◆ WHAT THIS TASK INVOLVES
Begin at the line that has "複勝330円 - 2/4【小倉3R】3歳未勝利", stop after the line that has "Indoor plants are", and print exactly those lines from the records below, without any pictures.

◆ DATA TO USE
==========
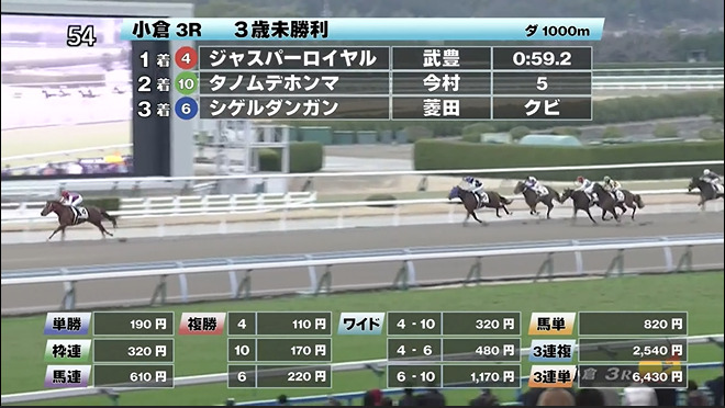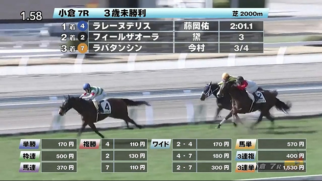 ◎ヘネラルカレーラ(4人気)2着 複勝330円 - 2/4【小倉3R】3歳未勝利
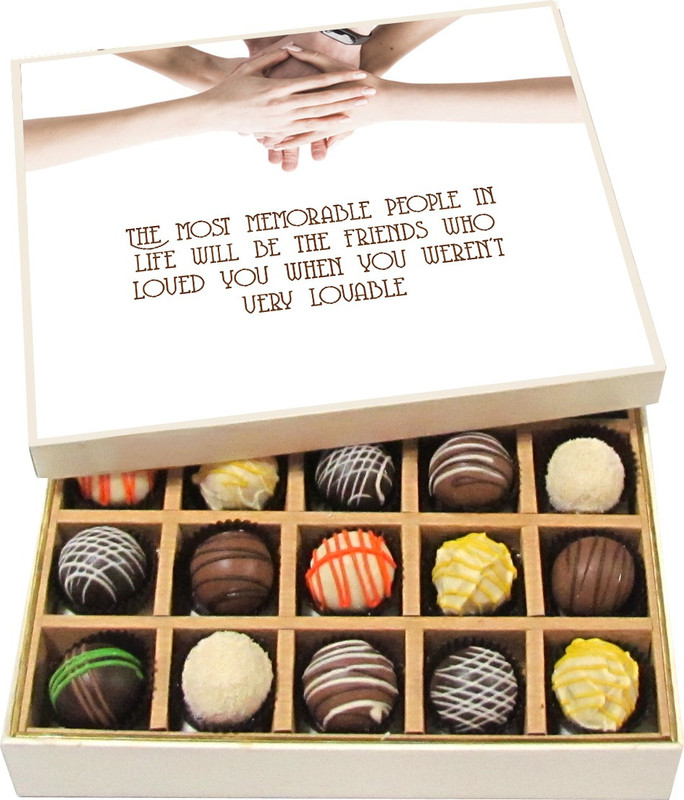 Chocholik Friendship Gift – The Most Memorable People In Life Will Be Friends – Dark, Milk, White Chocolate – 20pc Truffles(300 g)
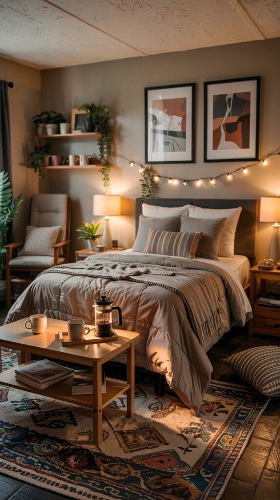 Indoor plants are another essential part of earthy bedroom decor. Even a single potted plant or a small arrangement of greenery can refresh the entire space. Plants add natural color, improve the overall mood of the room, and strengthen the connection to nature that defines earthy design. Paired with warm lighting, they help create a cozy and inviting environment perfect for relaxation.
==========
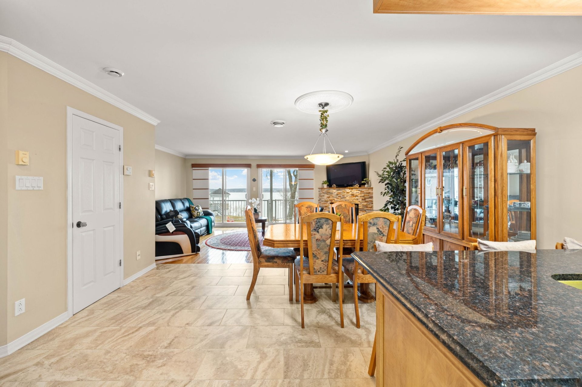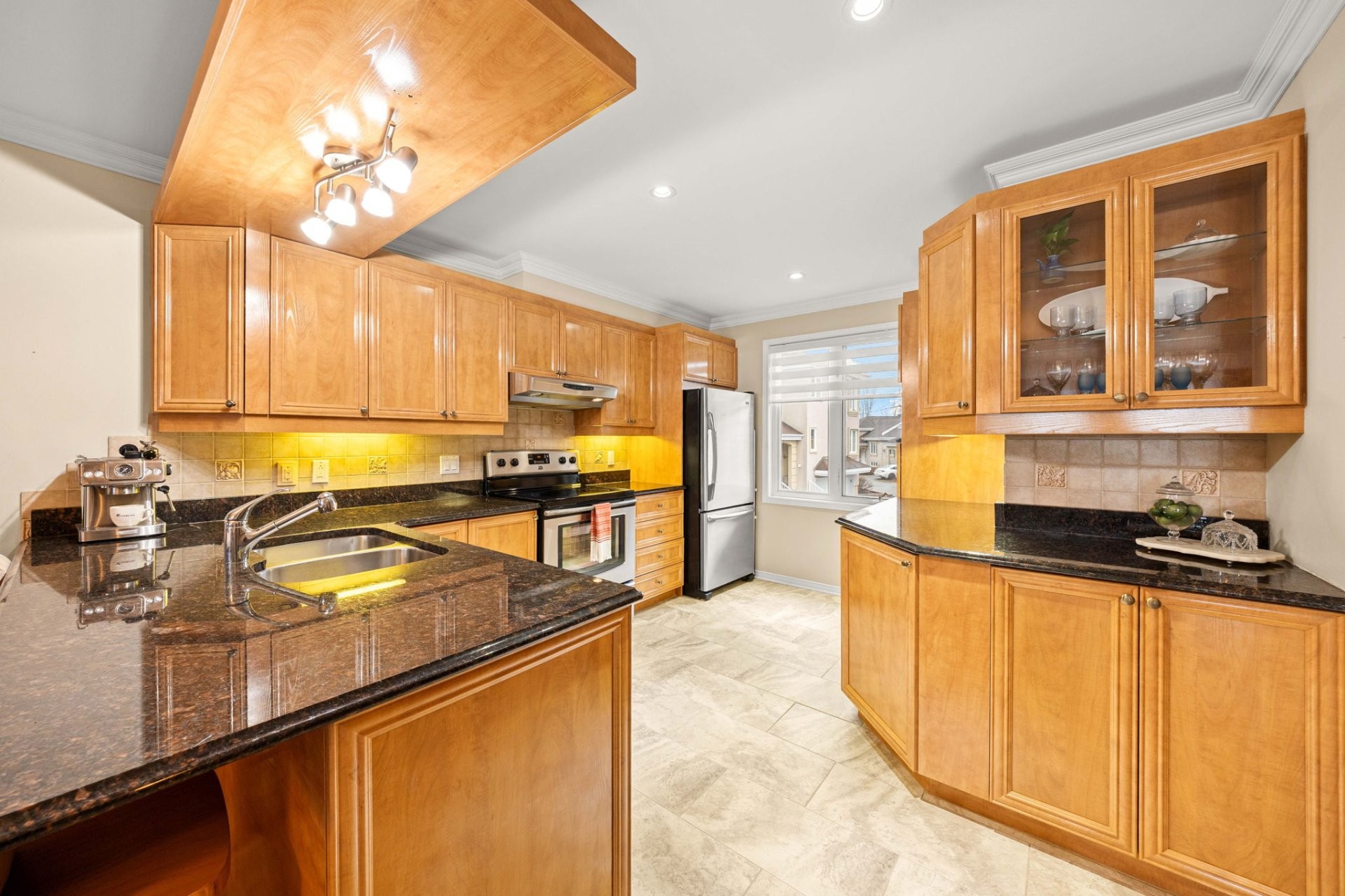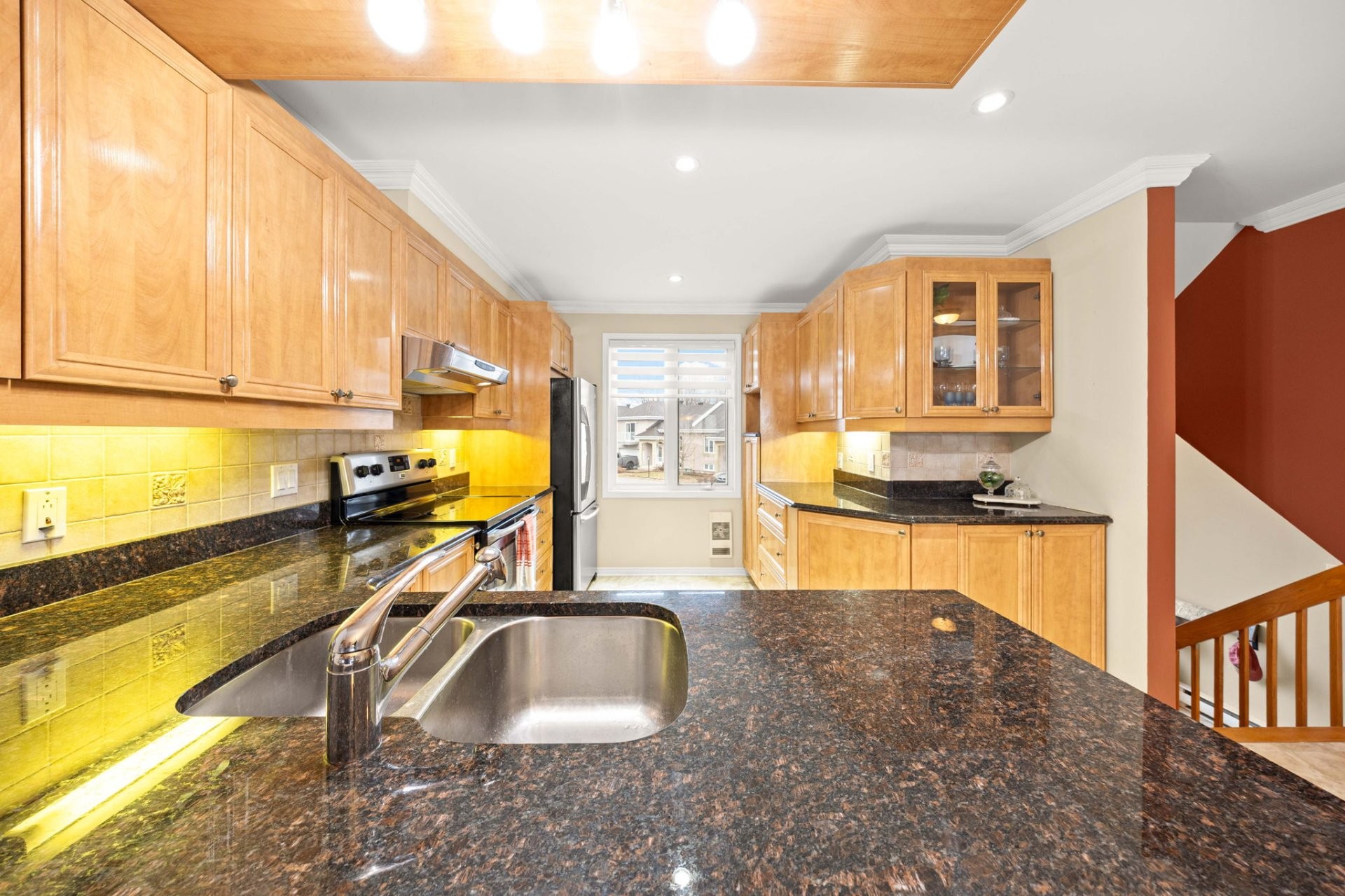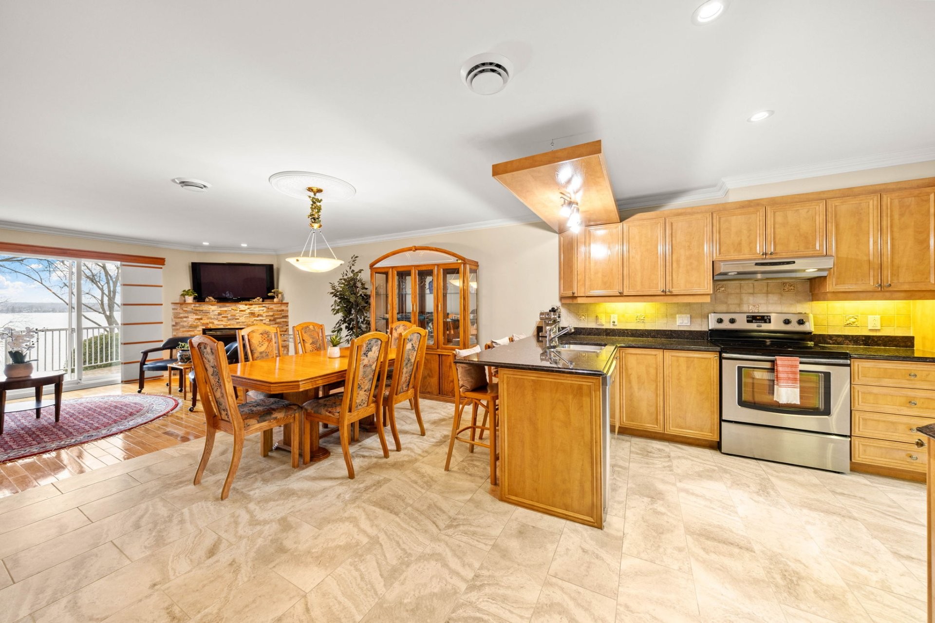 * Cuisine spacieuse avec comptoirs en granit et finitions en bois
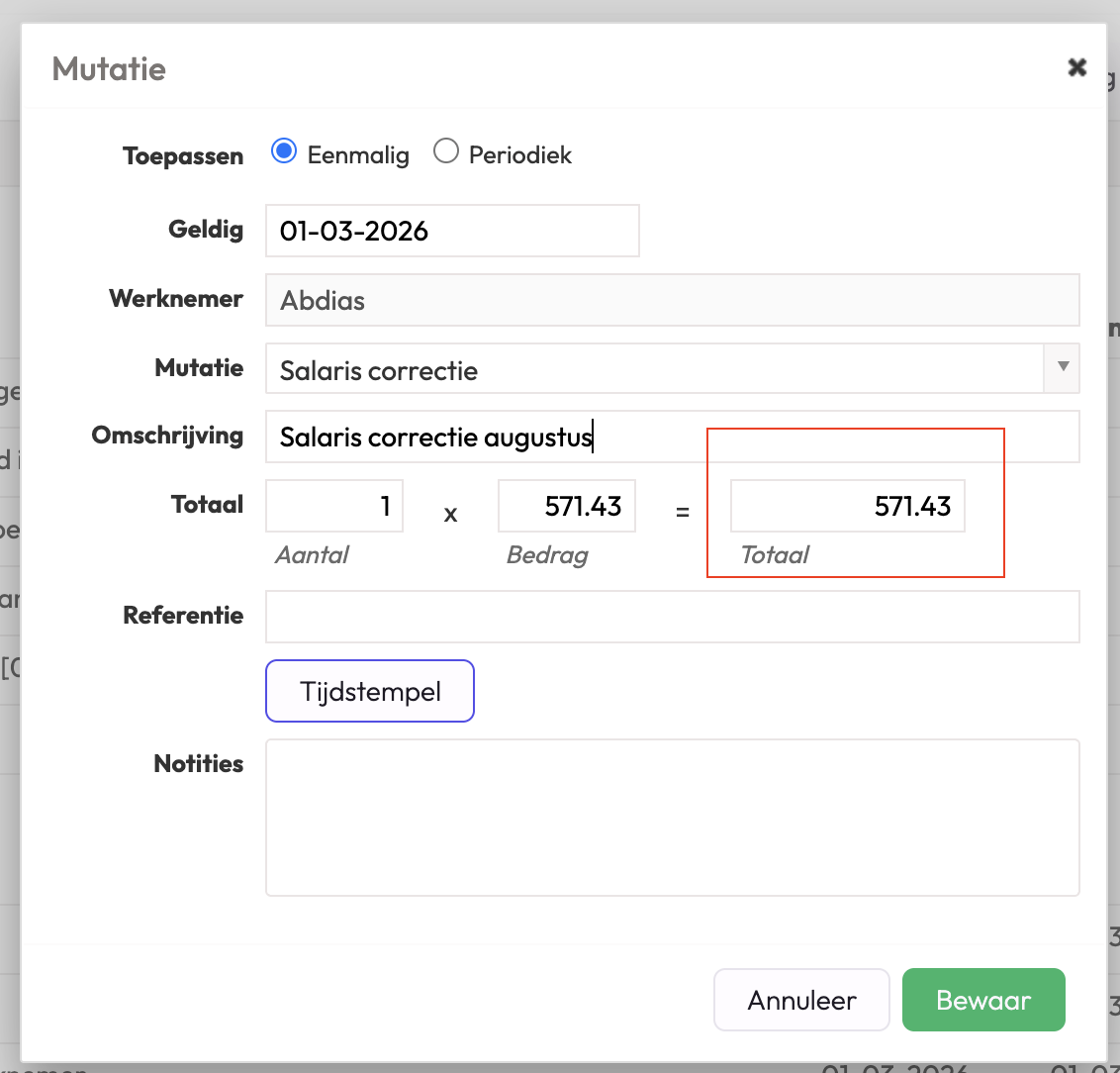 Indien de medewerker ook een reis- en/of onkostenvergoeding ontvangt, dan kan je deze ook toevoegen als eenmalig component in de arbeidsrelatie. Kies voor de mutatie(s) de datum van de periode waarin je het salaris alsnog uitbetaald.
==========
◆ WRITTEN ANSWER
 ◎ヘネラルカレーラ(4人気)2着 複勝330円 - 2/4【小倉3R】3歳未勝利
 Chocholik Friendship Gift – The Most Memorable People In Life Will Be Friends – Dark, Milk, White Chocolate – 20pc Truffles(300 g)
 Indoor plants are another essential part of earthy bedroom decor. Even a single potted plant or a small arrangement of greenery can refresh the entire space. Plants add natural color, improve the overall mood of the room, and strengthen the connection to nature that defines earthy design. Paired with warm lighting, they help create a cozy and inviting environment perfect for relaxation.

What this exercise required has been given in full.